The Toddster is a banana nut . . . if I didn't hide some of the bananas . . . we'd never get banana baked anything, as he eats them up as fast as I get them in . . .
So I have to be a bit devious . . . you know. It's not really a bad thing . . . as he just as equally enjoys what I have made with them! (I am sure we all have our little secrets that we keep from the old man . . . ahem . . .)
Like these scrummy Banana Chocolate Chip Muffins! They're soooo delish . . . the addition of yogurt helps to make them so moreishly moist . . .
Then there are the milk chocolate chips . . . and lets not forget the toasted pecans! (I couldn't resist breaking one open while it was still very warm . . . just look at all that goooey scrumminess!!)
Altogether . . . a winning banana muffin. Great for breakfast, brunch . . . elevensies and . . . dare I say it . . . a midnight snack!!! Bet you can't eat just one!!
Oh and if you want an extra special treat . . . slice one in half and grill it under the grill until it is golden brown and crisp on the edges . . . then spread it with cold butter. Sooooo hard to resist . . .
Just sayin' is all . . . (Ohhh . . . I am soooo bad . . . but in a very good way, don't you agree???)
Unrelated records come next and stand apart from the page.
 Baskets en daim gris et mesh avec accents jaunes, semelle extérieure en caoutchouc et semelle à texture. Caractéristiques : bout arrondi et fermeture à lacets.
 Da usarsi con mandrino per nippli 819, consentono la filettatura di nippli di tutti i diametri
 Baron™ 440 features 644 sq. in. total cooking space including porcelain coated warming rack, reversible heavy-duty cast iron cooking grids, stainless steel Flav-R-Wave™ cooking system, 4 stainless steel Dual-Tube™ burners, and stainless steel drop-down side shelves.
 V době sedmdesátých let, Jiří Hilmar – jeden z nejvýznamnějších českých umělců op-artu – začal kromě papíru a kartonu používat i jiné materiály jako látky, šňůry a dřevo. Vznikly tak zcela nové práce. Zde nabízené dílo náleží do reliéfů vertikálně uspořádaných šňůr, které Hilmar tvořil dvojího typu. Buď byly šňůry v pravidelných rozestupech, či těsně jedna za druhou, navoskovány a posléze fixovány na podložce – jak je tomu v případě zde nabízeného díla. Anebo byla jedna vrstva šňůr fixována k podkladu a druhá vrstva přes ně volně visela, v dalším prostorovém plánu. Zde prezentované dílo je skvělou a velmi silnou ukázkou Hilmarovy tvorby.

*Banana Chocolate Chip Muffins*
Fabulous muffins. Moist and chock full of banana flavour, milk chocolate chips and toasted pecans!
115g of butter, softened (1/2 cup)
190g of caster sugar (1 cup)
2 large free range eggs
1 tsp vanilla extract
1 tsp bicarbonate of soda
1/2 tsp salt
150g of plain flour (1 1/2 cups)
3 medium over-ripe bananas, peeled and mashed
110g plain yogurt
60g of chopped toasted pecans (1/2 cup)
180g of milk chocolate chips (1 cup)
Pre-heat the oven to 190*C/375*F/ gas mark 5. Line a 12 cup muffin tin with paper liners.
Cream together the butter and sugar until light and fluffy. Beat in the eggs and vanilla. Sift together the flour, soda and salt. Stir this into the creamed mixture. Fold in the banana and yogurt, along with the nuts and chocolate chips, only until combined. Spoon into the muffin cases.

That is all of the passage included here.